Chronic pain conditions as well as Restless Legs Syndrome (RLS) are known to be associated with subjectively and objectively disturbed sleep. RLS has been recently described as highly prevalent in multisite pain and the role of sleep as a modifying factor in this RLS phenotype is unknown. This study aimed to investigate if perceived sleep deficit and other sleep related parameters predict RLS in subjects with multisite pain.
Current knowledge/study rationale
We have recently demonstrated a strong association between Restless Legs Syndrome (RLS) and number of pain locations. In the current analysis we hypothesized that impaired sleep predicts RLS in subjects with multisite pain.
Questionnaire-based data from 2727 randomly selected women aged 18-64 years were used to analyze RLS symptoms, self-reported sleep quality, and the degree of daytime sleepiness (Epworth Sleepiness Scale (ESS)) in relation to type, degree and localization of body pain. Potential confounders including anthropometrics, pain localization, co-morbidities, and medication were adjusted for in the Generalized Linear Models (GLM).
Perceived sleep deficit ≥90 min (OR 2.4 (1.5-3.8), p < 0.001) and frequent nocturnal awakenings (OR 2.3 (1.4-3.6), p <0.001) were the strongest sleep related predictors for RLS in subjects with multisite pain. Additional factors include prolonged sleep latency (≥30 min, OR 1.8 (1.1-2.8), p = 0.01) and daytime symptoms like elevated daytime sleepiness (ESS score ≥9, OR 1.8 (1.2-2.7), p = 0.005). Accordingly, RLS diagnosis was associated with impaired sleep quality (TST (Total Sleep Time) -8.2 min, sleep latency +8.0 min, and number of awakenings from sleep +0.4, p <0.01). ESS score increased with RLS diagnosis (+0.74, p <0.01) and number of pain locations (0.5, 1.7, and 1.8 for 1, 3, and 5 pain areas, p <0.001). In addition, confounders like pain severity, the history of psychiatric disease, and current smoking were associated with impaired sleep quality in this group of females.

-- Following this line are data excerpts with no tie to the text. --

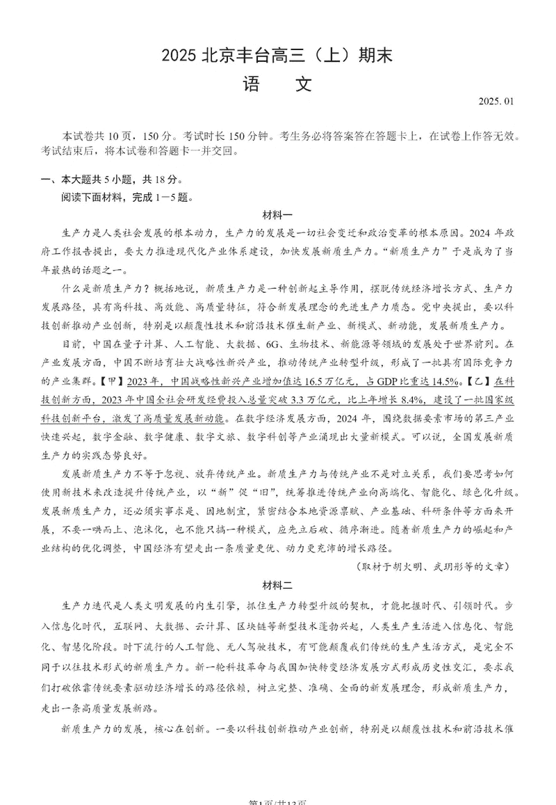 北京市丰台区2024-2025学年高三上学期期末语文试题及答案
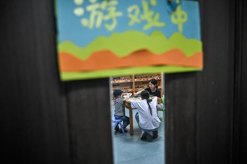 ▲5月26日,bw必威西汉姆联官方网站儿童智能发展研究中心,大学生认真记录孩子的行为动作。记者 刘力 摄/视觉重庆
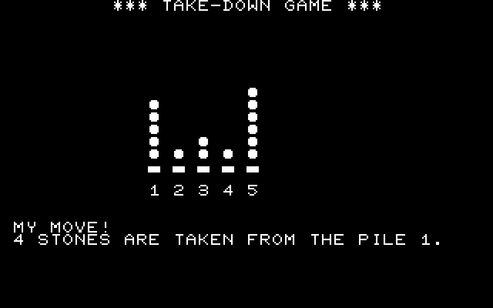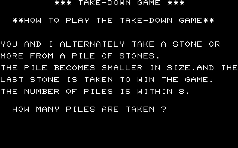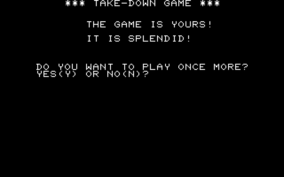 Take-Down Game funker helt fint, sånn sett. Jeg hadde dette spillet på min Sharp MZ-80A i barndommen, og jeg husker at jeg gikk fra å syntes det var skikkelig teit (fordi det ikke hadde action og jeg ikke skjønte bæret) til å bruke ganske mye tid på det, og ha det moro med det. Jeg hadde selvsagt også fryktelig få alternativer, men det forringer ikke gleden jeg en gang opplevde ved å spille dette spillet.
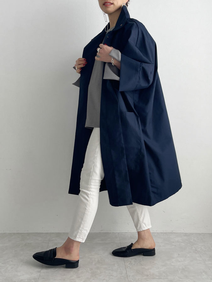ゆったりサイズなので中に着込むことも出来、一年通して長く使えるアウターです。
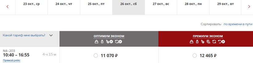 Nordwind Airlines. Авиабилеты за 1,5 месяца до вылета — от 11000 рублей. Перевозчик предлагает 2 тарифа в экономкласс — «Оптимум» и «Премиум». Условия первого тарифа: 1 место ручной клади (до 5 кг), багаж (1 место до 15 кг), питание включено в стоимость билета. Условия второго тарифа: 1 место ручной клади (до 5 кг), багаж (1 место до 20 кг), выбор питания по меню бесплатный (в «Оптимум» это можно также сделать, но за отдельную плату). Разница между тарифами незначительная, немногим более 1000 рублей.
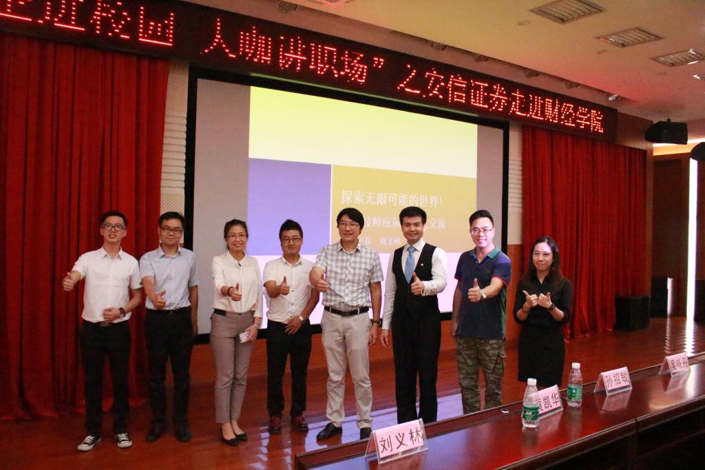 为了让员工更好地了解金融证券行业的最新动态,了解社会对专业技能需求的新变化,帮助同学了解职场、赢在职场,增强就业核心竞争力。9月7日下午,财经公司邀请安信证券股份有限公司营销服务中心执行董事刘义林先生,针对金融证券行业职场法则做了一场题为“探索无限可能的世界”的分享讲座,内容涉及广泛,案例充实,堪称一场丰盛的学术盛宴。
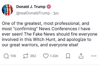 #ترمب يشيد بالمؤتمر الصحافي ويصفه بأحد “أعظم المؤتمرات وأكثرها احترافية ” ويدعو …
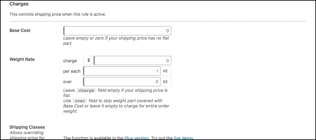 This is where you set your charge rates regarding base cost and weight. You can also add shipping classes here if you happen to be using the pro version of the plugin. Remember, this is a setup of the free version. So skip past that if it doesn’t apply.
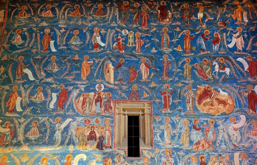 Bisericile pictate din nordul MoldoveiVoroneț, Sucevița, Moldovița, Humor —, înscrise astăzi în Patrimoniul UNESCO, sunt poate cel mai spectaculos exemplu de sinteză între tradiția bizantină și geniul local: aceeași iconografie, aceleași programe teologice vizuale, aceeași hieratică solemnitate a figurilor sacre ca în mozaicurile de la Ravenna sau frescele din Cappadocia — dar exprimate cu o culoare, o vivacitate și o poezie vizuală care nu seamănă cu nimic altceva din lumea creștină.
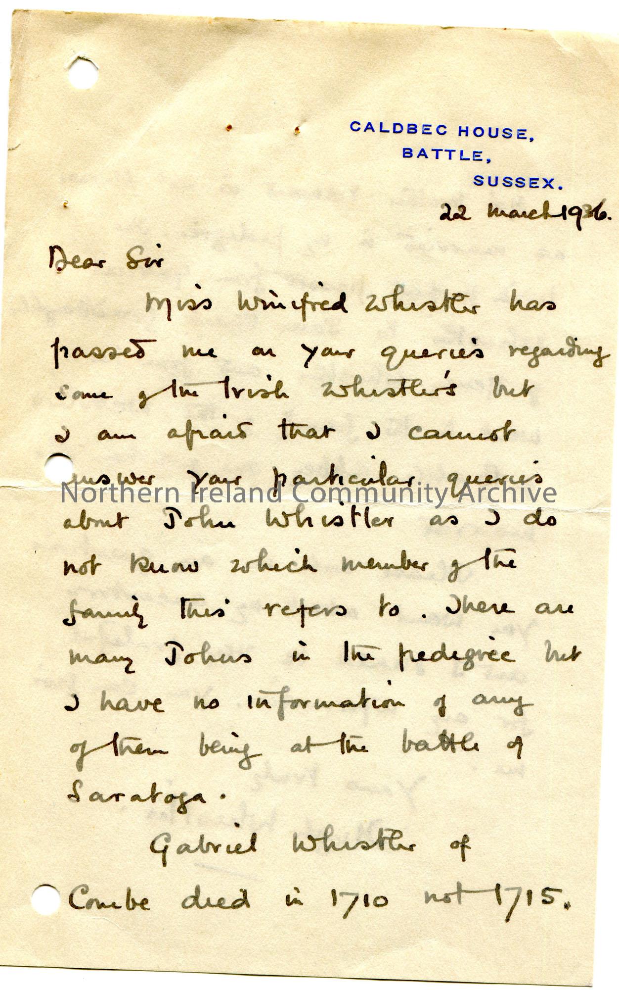 Handwritten letter (double sided) to Sam Henry. Cannot answer Sam’s queries re the Irish Whistlers.
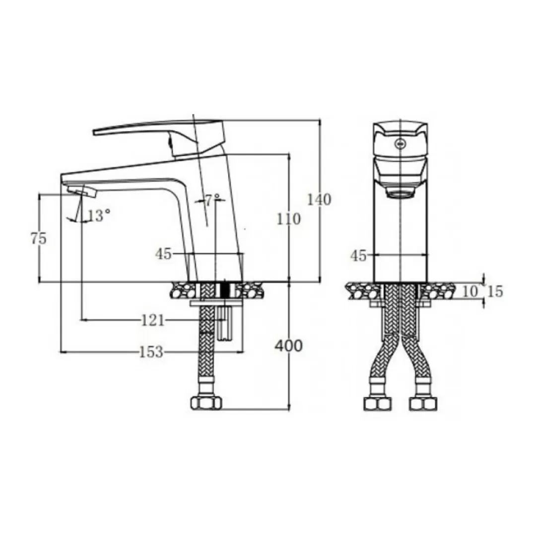 Thông số kĩ thuật vòi Lavabo CAESAR B390CU nóng lạnh xả nhấn
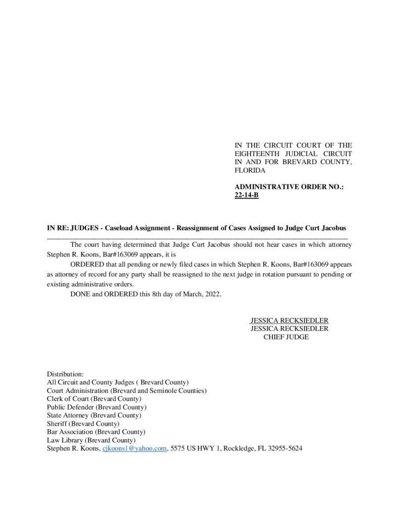 22-14-B IN RE: CASELOAD ASSIGNMENT – REASSIGNMENT OF CASES ASSIGNED TO JUDGE CURT JACOBUS; THE COURT HAVING DETERMINED THAT JUDGE CURT JACOBUS SHOULD NOT HEAR CASES IN WHICH ATTORNEY STEPHEN R. KOONS APPEARS – ORDERED 3/08/2022 BY JESSICA RECKSIEDLER
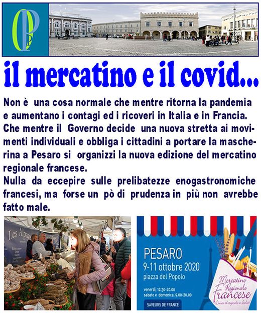 Che mentre il Governo decide una nuova stretta ai movimenti individuali e obbliga i cittadini a portare la mascherina a Pesaro si organizzi la nuova edizione del mercatino regionale francese.

Perceived sleep deficit and sleep fragmentation are the strongest sleep related predictors of RLS in multisite pain. Potential implication of our results are that clinical management programmes of RLS in subjects with multisite pain need to consider both sleep quality and sleep quantity for individually tailored treatment regimes.
RLS, pain, and sleep disorders are highly interrelated. Our study strongly suggests that clinical management of RLS in patients with multisite pain needs to consider sleep quality as an independent risk factor.

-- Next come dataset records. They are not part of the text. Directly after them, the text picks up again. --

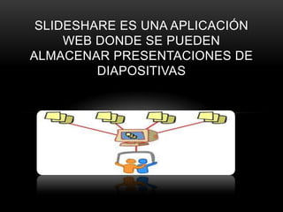 SlideShare es una aplicación web gratuita donde los usuarios pueden almacenar y compartir presentaciones de diapositivas. Los usuarios pueden crear una cuenta, cargar archivos de presentaciones como PowerPoint o OpenOffice, y publicarlos en SlideShare para que otros puedan verlos y enlazarlos desde su sitio web u otro lugar. SlideShare ofrece características como espacio de almacenamiento gratuito y la opción de convertir las presentaciones a formato flash una vez publicadas.
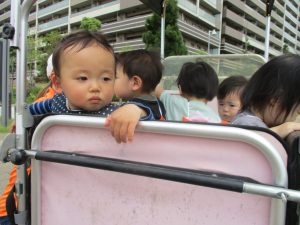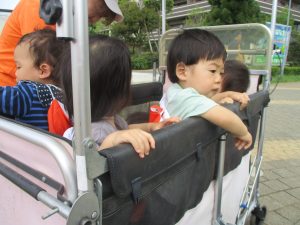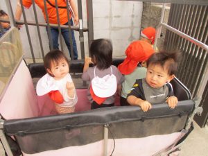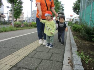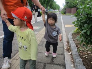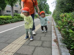 日中は年齢別に戸外散歩を行いました!
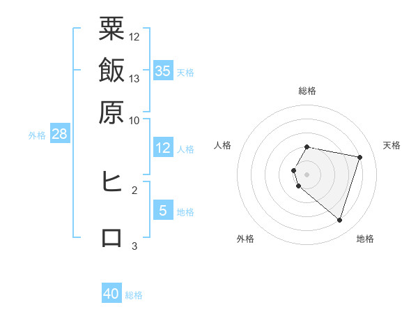 粟飯原 ヒロさんの天格は35画の4点!
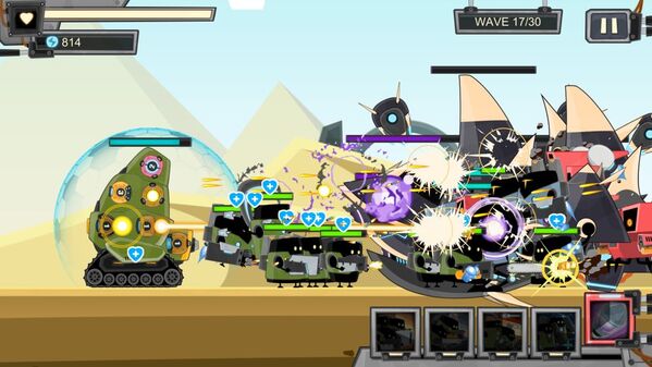 这是一个横向版的实时战略游戏。在游戏中,你可以逐渐强化变形坦克的战斗,并且不断地收集各种火炮和增强配件,进而组装建造一辆终极战车来对抗庞大的敌人,体验在游戏中一夫当关万夫莫开的战斗乐趣。

Funding sources: Grants for Romana Stehlik: Centre for Clinical Research (CKF), in Dalarna, Sweden: 2010: D18000; 2012: D12000. Swedish Sleep Research Society: 2012: D3500. Grants used for posting of the questionnaires to the population and for data management. Pain Rehabilitation Clinic, Sater, Sweden: 2011: D10000; 2012: D 20000;2013: D 5000. This amount was used for part-time salaries for personnel performing and evaluating the study. There are no other sources of funding.
Conflicts of interest: The authors have no conflict of interest.